— А шут их разберет, — безразлично заметил вдруг Одинцов в такт его мыслям. — Вольному воля.
— Ты о чем это, Виктор Иваныч? — с удивлением спросил Карташев.
Между собой они были на «ты», хотя Одинцов был старше его на семь лет. Одинцов непонимающе посмотрел на него.
— О чем? Сам не знаю. Обо всем, наверное. И обо всех.
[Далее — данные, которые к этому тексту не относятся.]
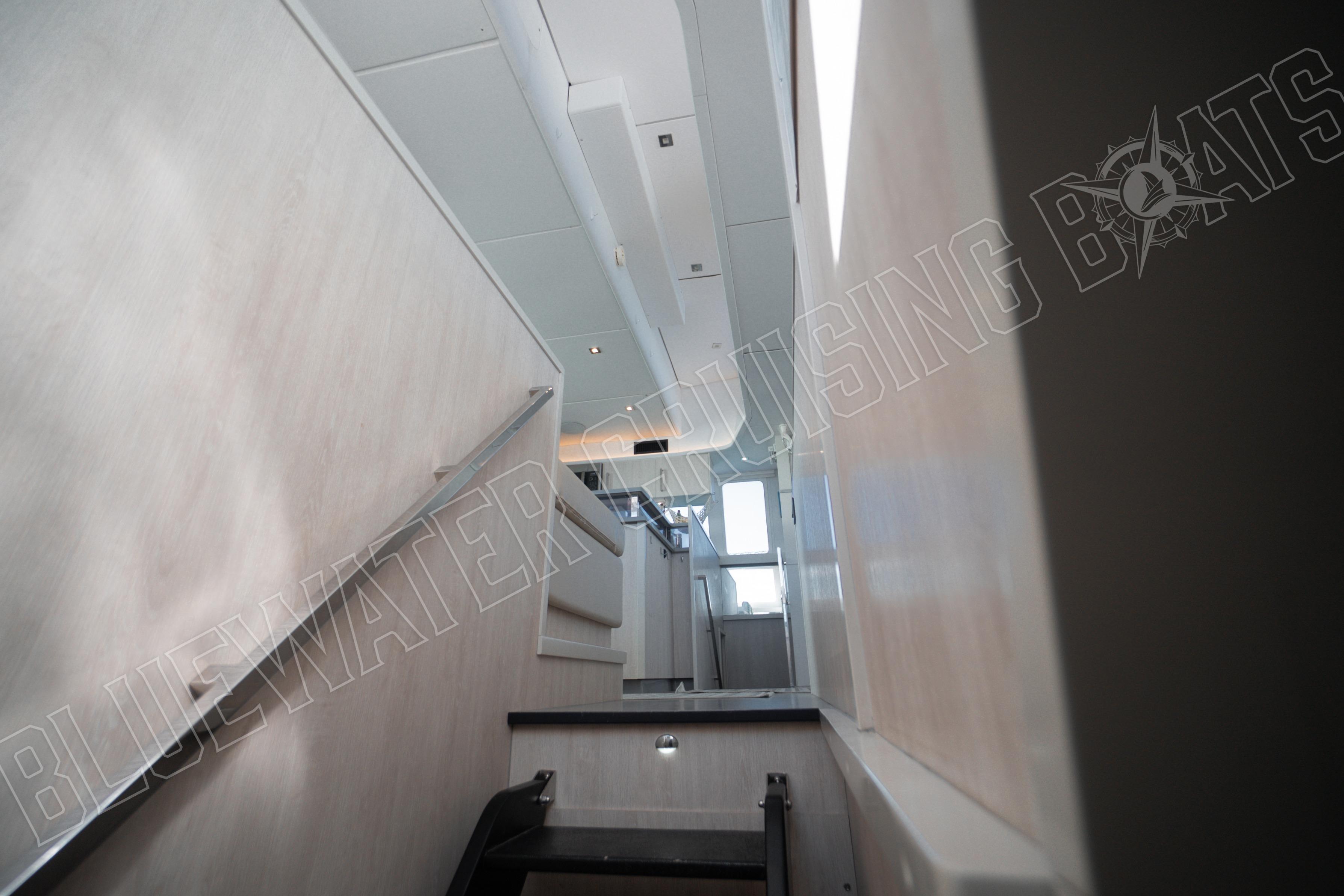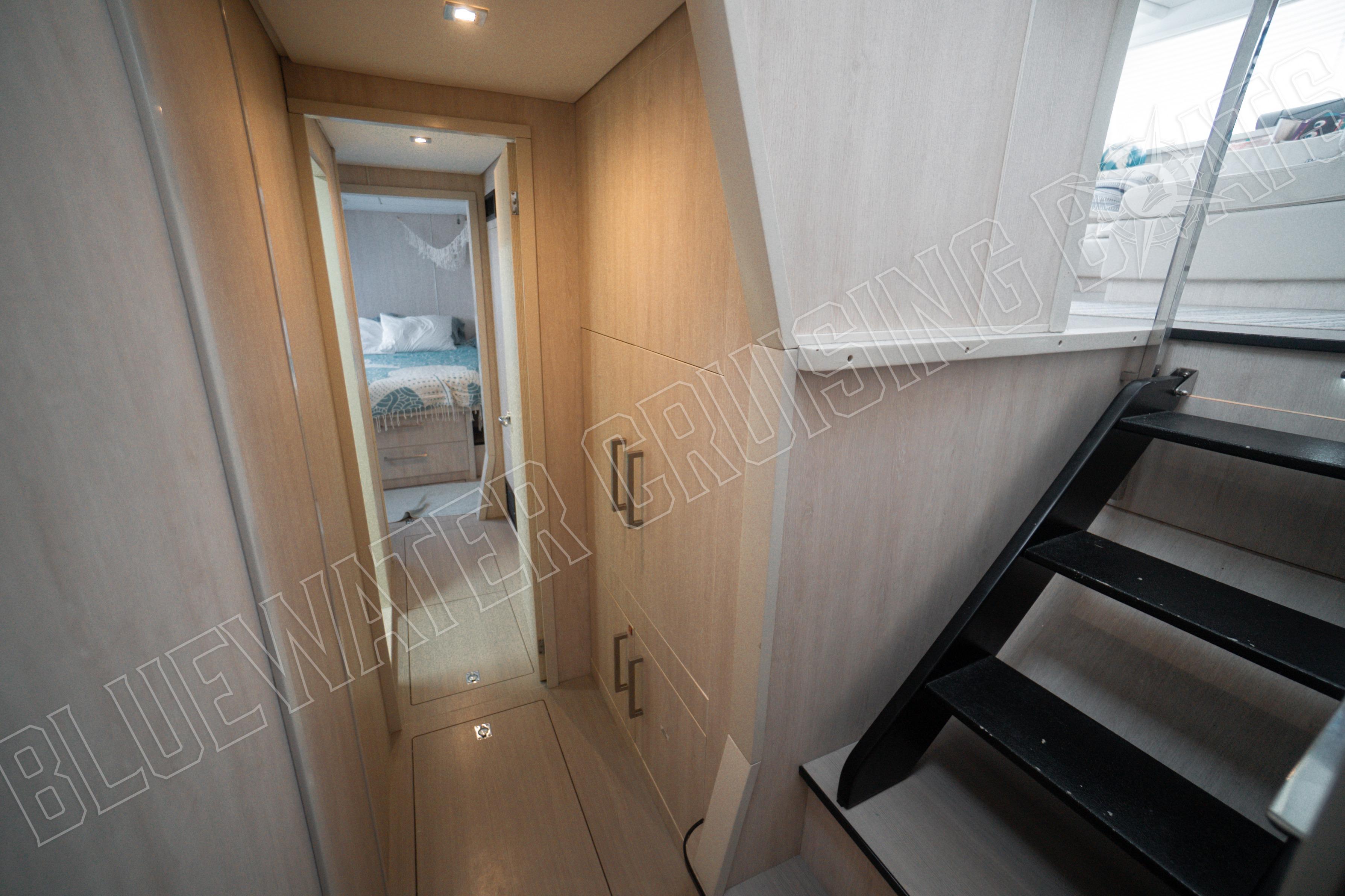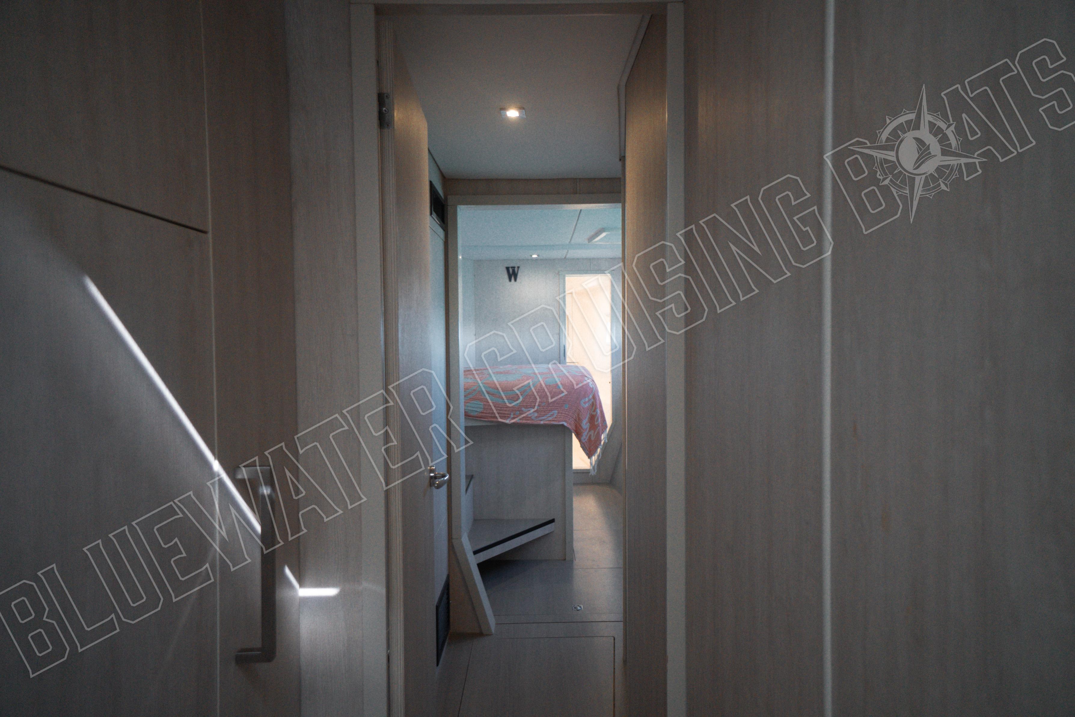 Sea Dog features a four-cabin, four-head layout, with the owner’s suite in the starboard hull. A room and a head for every person, ensuring privacy and removing the obligation to share a head with someone else.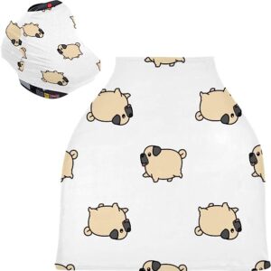 Cute Pug Dog Cartoon Pattern Baby Car Seat Covers – Unisex Baby Car Seat Cover High Chair Cover Shopping Cart, Multi-use Carseat Canopy, for Babies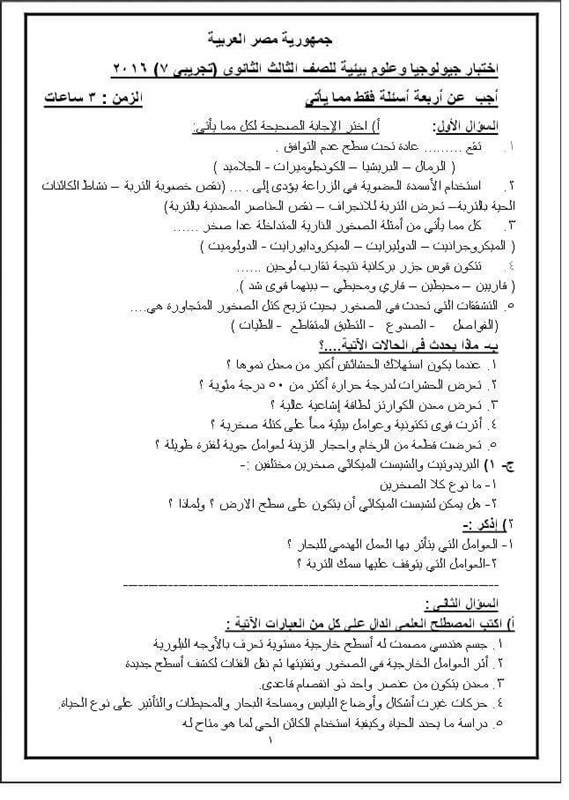 نشرت صفحة «شاومينج بيغشش الأزهر والعام» على موقع التواصل الاجتماعي «فيس بوك»، صورًا لنموذج امتحان تزعم أنه الامتحان التجريبي لوزارة التربية والتعليم في مادة «الجيولوجيا» لطلاب الثانوية العامة 2016، والذي من المقرر أن يؤديه طلاب القسم العلمي الثلاثاء.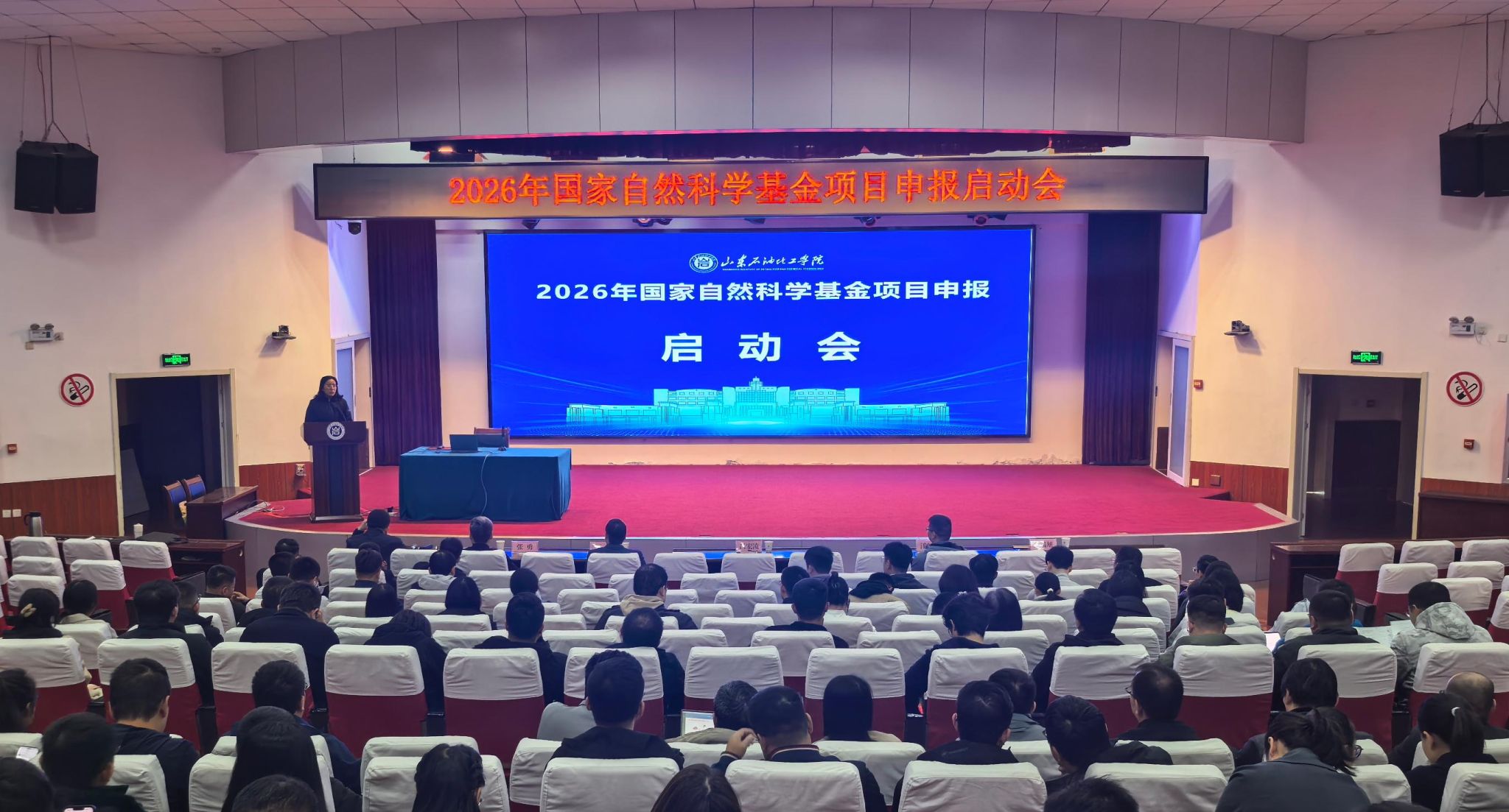 10月21日下午,学校在100号报告厅召开2026年国家自然科学基金项目申报启动会。校党委委员、副校长吕宏凌出席会议并讲话。中国石油大学(华东)科技处副处长张勇、中国石油大学(华东)石油工程学院王森教授、青岛科技大学化学与分子工程学院常务副院长汪恕欣教授、山东石油化工学院智能制造与控制工程学院侯端旭博士等四位专家受邀作专题讲座。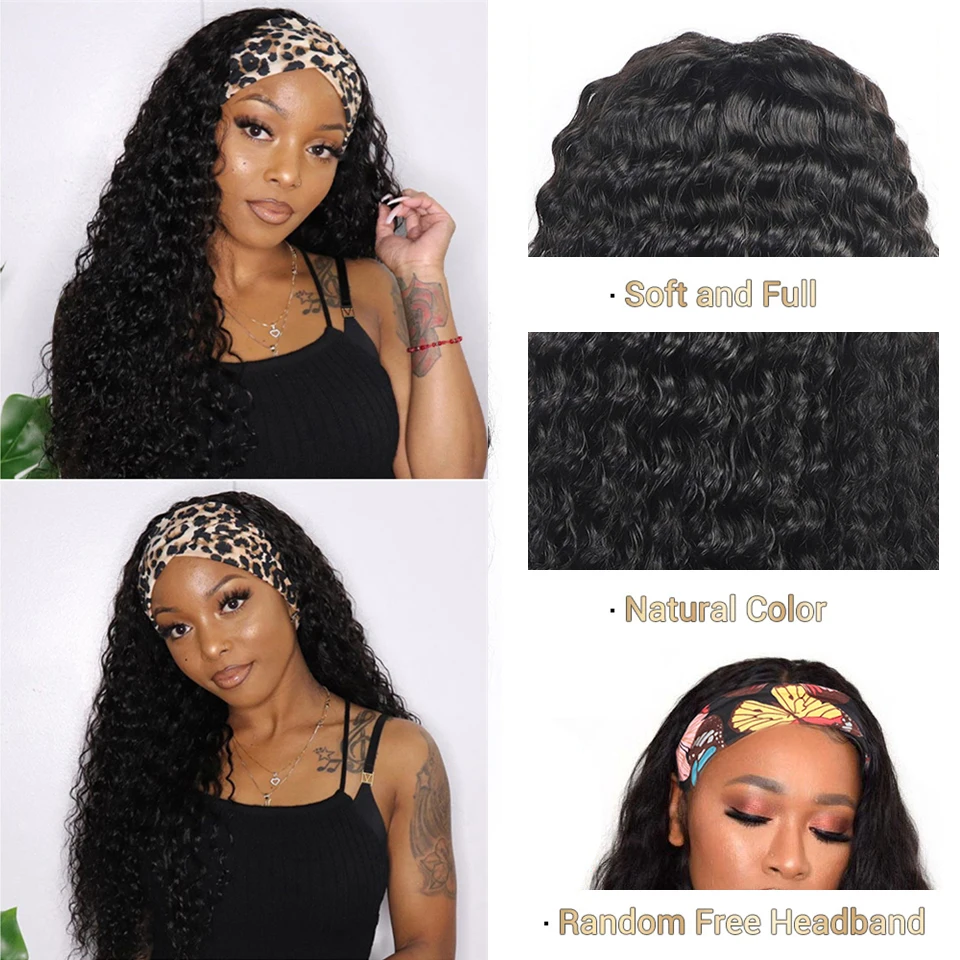 Клюквы волосы глубокая волна парик с головной повязкой парики из натуральных волос для черный Для женщин доступная Реми бразильские парик с головной повязкой с начинающих дружелюбное

Виктор Иванович Одинцов умел объясняться темно. Он и человек был темный, закрытый, даже по виду: Карташев никогда не замечал на нем ни единой расстегнутой пуговицы, ни единой мятой складочки, он был сам в себе, всегда невозмутимый, всегда семь раз отмеривающий. Трудно было найти человека, который бы так следил за своими словами, за их весом, их обтекаемостью. «Слишком вольно», — было любимым его выражением. Вы слишком вольно обращаетесь с материалом. Это слишком вольный стиль для научной статьи. Слишком много воли взял. Возникало впечатление, что воля для Одинцова — нечто недопустимое, ее следовало искоренять, и лучше бы, чтобы его подчиненные делали это сами, без его вмешательства. Потому что он сделает это непременно. Кто-то считал его подобием николаевского цензора, либерала в душе, но неукоснительного чиновника, который всегда помнит, что служба службой, и не преминет порезать сочинения доброго приятеля, естественно, тому же на пользу. Даже Карташев, близко друживший с Одинцовым, полностью его не знал. Много чего о нем рассказывали: что в молодости Одинцов был причастен к диссидентскому движению, что он помогал переправлять рукописи за границу и тому подобное, — правда, все это считалось чепухой. Он просто не давал повода помыслить о себе подобное. И собственные его книги были такими же — выверенными, суховатыми, очень точными в подаче фактов. Настолько выверенными, что казалось, что главное осталось несказанным, не все факты поданы, что автор недостаточно вольничает, он в ежовых рукавицах своего собственного изготовления… Закрытый, темный человек был Одинцов. Человек с прошлым.
Карташев вспомнил, что хотел спросить у него. Наклонившись к Одинцову, он тихо спросил:
— Я тебе книгу Боделя не давал? А то затерялась…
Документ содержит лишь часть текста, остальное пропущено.